The luxury sector in China can experience some issues with the anti-corruption measures implemented by the government, or either the weakness of the domestic currency, the yuan. However, the Chinese still need and have a particular taste for shopping, according to the CEO of Piaget, a Swiss watch manufacturer in this industry.
Not Hong Kong & Macau anymore !
In the past, the Chinese well established would have to go back to their usual basement in Hong Kong and Macau. It is not the case anymore, and they are now heading elsewhere and look for other places to shop, according to Philippe Leopold-Metzger on the CNBC news.
“Today’s Tsim Sha Tsui has become Tokyo, Seoul and Taipei,” he said. He was definitely alluding to the most famous shopping district located in Hong Kong.
Hong Kong and Macau are known to be the traditional playground of the wealthiest Chinese. But they are now suffering from Beijing’s anti-corruption crackdown on expensive gift-giving. Rising anti-mainland public sentiment and the pro-democratic protests in September last year also faded the traffic of Hong Kong for Chinese tourists.
Significant shift from the Chinese luxury market
“The Chinese luxury market overall continues to grow, but it has shifted away from purchases in Mainland China and Hong Kong to foreign markets like Europe, Japan and Korea,” explained Brian Buchwald, CEO of the consumer intelligence department of the firm Bomoda.
80% of Luxury purchases are realized oversea
Buchwald also adds that 75 to 85 percent of the Chinese consumers purchase their favorite luxury goods outside of China. Some reasons can explain this phenomenon. First of all, the tax of importation for luxury goods in Mainland China is really high, making these goods unaffordable for the Chinese in the local outlets. Secondly, the abundance of forgeries and counterfeits makes it difficult for the Chinese to find some genuine products. The smugglers are making the most of this trend to sell their counterfeits to the Chinese, looking for authentic products.

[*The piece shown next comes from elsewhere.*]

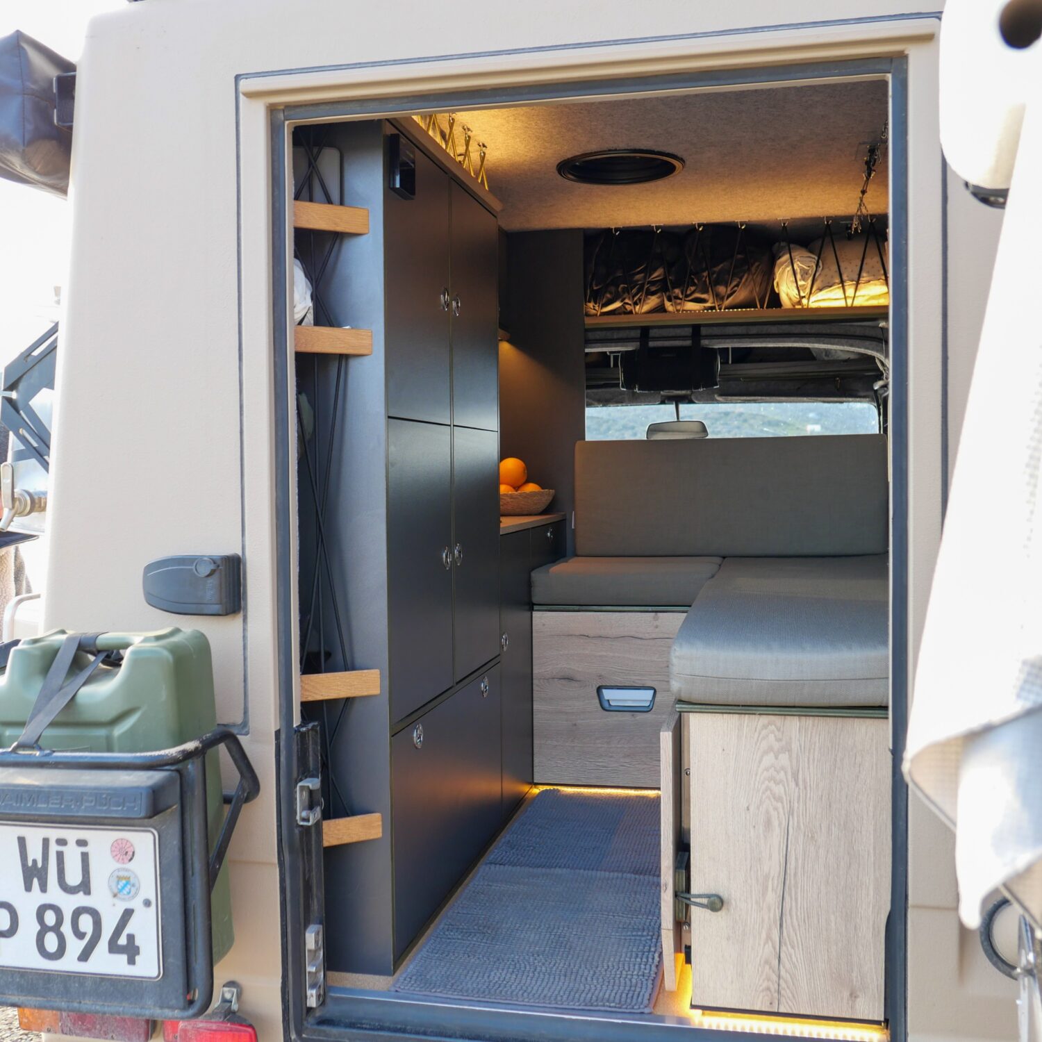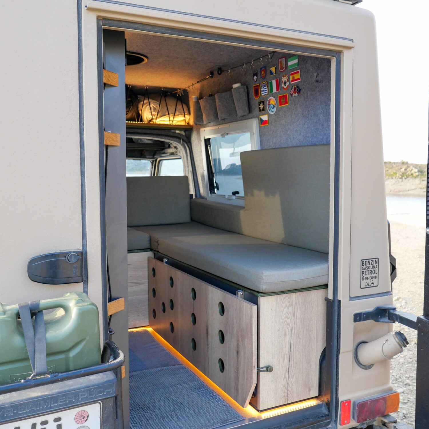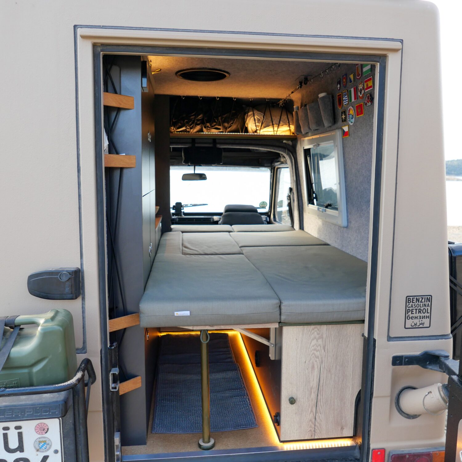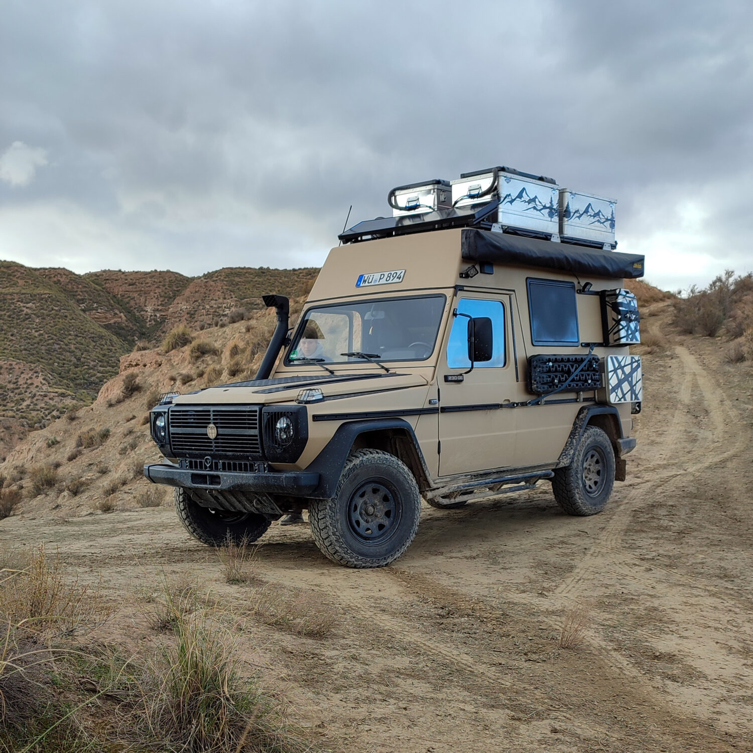 Wir sind Sandra und André, zusammen haben wir in sechs Monaten unseren Puch 230 GE zu einem Abenteuermobil aus- und umgebaut. Unser Puch ist ein ehemaliger Funkwagen des schweizer Militärs. Wir haben ihn so umfangreich umgebaut, dass er nichtmehr als Militärfahrzeug zu erkennen ist. Zusammen mit meinem Onkel habe ich den Innenausbau genau so realisieren können, wie wir uns das vorgestellt und im CAD entworfen haben. Wir haben insgesamt 80 Liter Wasser an Bord und reichlich Stauraum für Lebensmittel, da wir gerne abgelegene Regionen bereisen. Unsre 75ah Lithium Batterie wird durch unsre 190W Solaranlage gespeist.

Richemond Group, the Swiss luxury goods group that owns the Piaget brand, has reported a 4 percent increase in sales at constant exchange rates for the five months until to August. The boost of the sales came mainly from the European countries, and was driven by the Chinese tourists while they were traveling abroad, reported Reuters.
They want real luxury goods
And according to a report published by Bomoda, Chinese consumers preferred to buy their luxury goods overseas because they were more confident of the branded good’s authenticity. The conviction that luxury goods sold abroad were superior to locally sold merchandise, as well as prices that were up to 40 percent lower due to the lack of Chinese import taxes, also helped to encourage the purchases, Bomoda found.
New patterns of spending
“The challenge today is to track where the Chinese consumers travel,” stated Leopold-Metzger, thinking about the way retailers must respond to the change of the patterns of spending.

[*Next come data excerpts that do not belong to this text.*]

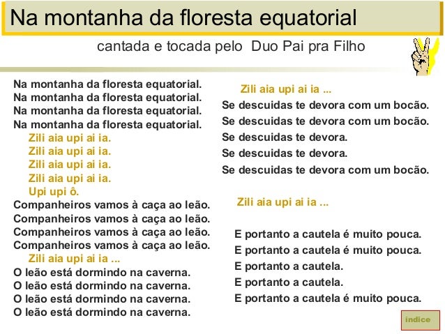 68. 68. Na montanha da floresta equatorialNa montanha da floresta equatorial.Na montanha da floresta equatorial.Na montanha da floresta equatorial.Na montanha da floresta equatorial.Zili aia upi ai ia.Zili aia upi ai ia.Zili aia upi ai ia.Zili aia upi ai ia.Upi upi ô.Companheiros vamos à caça ao leão.Companheiros vamos à caça ao leão.Companheiros vamos à caça ao leão.Companheiros vamos à caça ao leão.Zili aia upi ai ia ...O leão está dormindo na caverna.O leão está dormindo na caverna.O leão está dormindo na caverna.O leão está dormindo na caverna.cantada e tocada pelo Duo Pai pra FilhoíndiceZili aia upi ai ia ...Se descuidas te devora com um bocão.Se descuidas te devora com um bocão.Se descuidas te devora.Se descuidas te devora.Se descuidas te devora com um bocão.Zili aia upi ai ia ...E portanto a cautela é muito pouca.E portanto a cautela é muito pouca.E portanto a cautela.E portanto a cautela.E portanto a cautela é muito pouca.
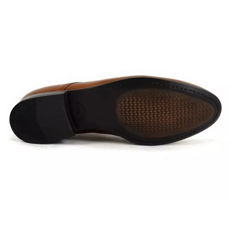 W przeciwieństwie do modeli na skórzanej podeszwie, derby męskie koniak z linii Regular wyposażone są w trwałą podeszwę o zwiększonej odporności na ścieranie. To rozwiązanie bardziej praktyczne w warunkach miejskich.
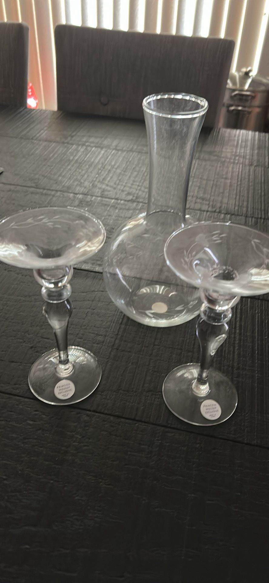 This is a Princess House Heritage etched crystal wine carafe or decanter set. The set includes a large, rounded carafe and two matching candleholders, all featuring the signature etched floral design. The items are made of clear glass or crystal. The carafe is typically used for serving wine, water, or other beverages. The Heritage collection is a well-known, vintage line from Princess House.
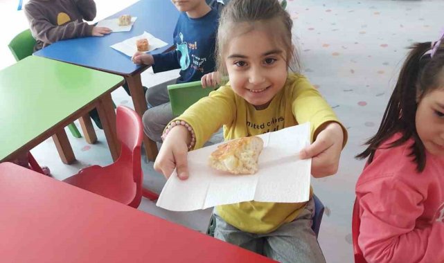 İzmir'in Bayındır ilçesinde Müzekke Susamcıoğlu Anaokulu öğrencileri, Ramazan ayı dolayısıyla düzenlenen etkinlikte kendi ramazan pidelerini yapmanın heyecanını yaşadı.
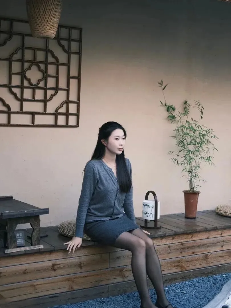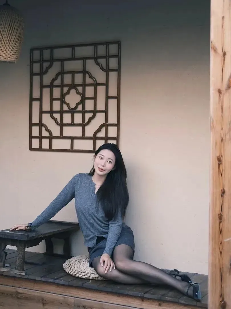 第四类为茶室淡雅风,带有明显东洋文化的特征。浅灰色针织开衫属于细软材质带有多颗扣子的款式,下半身穿上了一件深灰色短裙,腿部更加的纤瘦。黑色丝袜配低跟皮鞋有一种精致的感觉。草编蒲团后面配有中式窗格的场景,坐下来为第一幅。爱摄影的女同学们一定能拍出大片。

Despite the decline in luxury goods sales, the Piaget CEO stated that sales in Mainland China remained one of the brand’s priorities.
“There is a lot of wealth created every day in Asia, China and everywhere across the region,” Leopold-Metzger noted. He also adds that Piaget was opening new stores in China where there was demand, and using adapted strategies of pricing to attract domestic consumers.
Luxury Industry has to adapt
“We have to create excitement,” he said. The businesses in the industry definitely have to adapt to these last trends in the Chinese market if they want to keep up with the consumers need and stay competitive enough on the market.